** Supplied records follows **

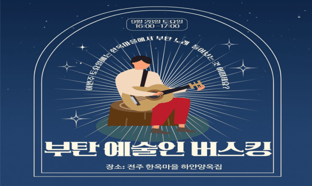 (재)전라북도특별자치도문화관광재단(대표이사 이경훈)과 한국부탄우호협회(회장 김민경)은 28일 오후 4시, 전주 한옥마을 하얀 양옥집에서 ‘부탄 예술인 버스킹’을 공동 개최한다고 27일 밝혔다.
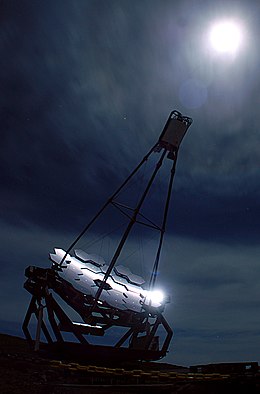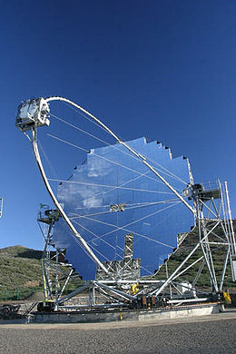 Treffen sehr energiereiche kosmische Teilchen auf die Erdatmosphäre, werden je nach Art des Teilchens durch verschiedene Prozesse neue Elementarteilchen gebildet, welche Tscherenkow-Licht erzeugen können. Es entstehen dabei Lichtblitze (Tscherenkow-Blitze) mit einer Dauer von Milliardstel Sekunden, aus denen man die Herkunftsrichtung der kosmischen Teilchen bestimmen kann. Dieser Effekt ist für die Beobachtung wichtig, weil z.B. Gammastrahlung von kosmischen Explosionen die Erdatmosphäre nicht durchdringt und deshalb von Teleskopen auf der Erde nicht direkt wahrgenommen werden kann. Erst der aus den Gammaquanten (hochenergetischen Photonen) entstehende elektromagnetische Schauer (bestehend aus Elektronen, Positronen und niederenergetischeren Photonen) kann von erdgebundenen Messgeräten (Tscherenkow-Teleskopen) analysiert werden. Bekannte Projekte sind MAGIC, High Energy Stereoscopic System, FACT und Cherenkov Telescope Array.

** End of Supplied records **
** Supplied records follows **

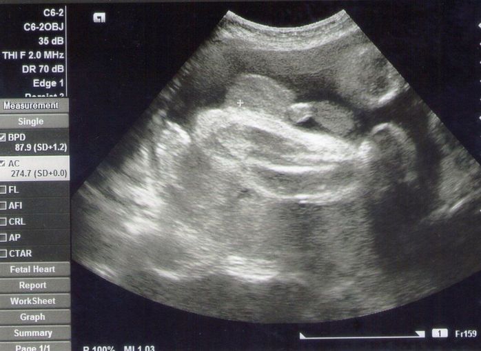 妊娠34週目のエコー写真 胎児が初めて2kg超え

** End of Supplied records **
** Supplied records follows **

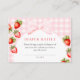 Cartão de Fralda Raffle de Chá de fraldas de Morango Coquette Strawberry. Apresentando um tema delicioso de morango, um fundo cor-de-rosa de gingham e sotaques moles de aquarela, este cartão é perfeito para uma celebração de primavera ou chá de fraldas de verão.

** End of Supplied records **

→ **Requirement**: Print nothing but the lines above starting with the line that contains "(재)전라북도특별자치도문화관광재단(대표이사 이경훈)과 한국부탄우호협회(회장" and going on through the line that contains "Treffen sehr energiereiche". Leave out the pictures.

→ **Result for this task**:
 (재)전라북도특별자치도문화관광재단(대표이사 이경훈)과 한국부탄우호협회(회장 김민경)은 28일 오후 4시, 전주 한옥마을 하얀 양옥집에서 ‘부탄 예술인 버스킹’을 공동 개최한다고 27일 밝혔다.
 Treffen sehr energiereiche kosmische Teilchen auf die Erdatmosphäre, werden je nach Art des Teilchens durch verschiedene Prozesse neue Elementarteilchen gebildet, welche Tscherenkow-Licht erzeugen können. Es entstehen dabei Lichtblitze (Tscherenkow-Blitze) mit einer Dauer von Milliardstel Sekunden, aus denen man die Herkunftsrichtung der kosmischen Teilchen bestimmen kann. Dieser Effekt ist für die Beobachtung wichtig, weil z.B. Gammastrahlung von kosmischen Explosionen die Erdatmosphäre nicht durchdringt und deshalb von Teleskopen auf der Erde nicht direkt wahrgenommen werden kann. Erst der aus den Gammaquanten (hochenergetischen Photonen) entstehende elektromagnetische Schauer (bestehend aus Elektronen, Positronen und niederenergetischeren Photonen) kann von erdgebundenen Messgeräten (Tscherenkow-Teleskopen) analysiert werden. Bekannte Projekte sind MAGIC, High Energy Stereoscopic System, FACT und Cherenkov Telescope Array.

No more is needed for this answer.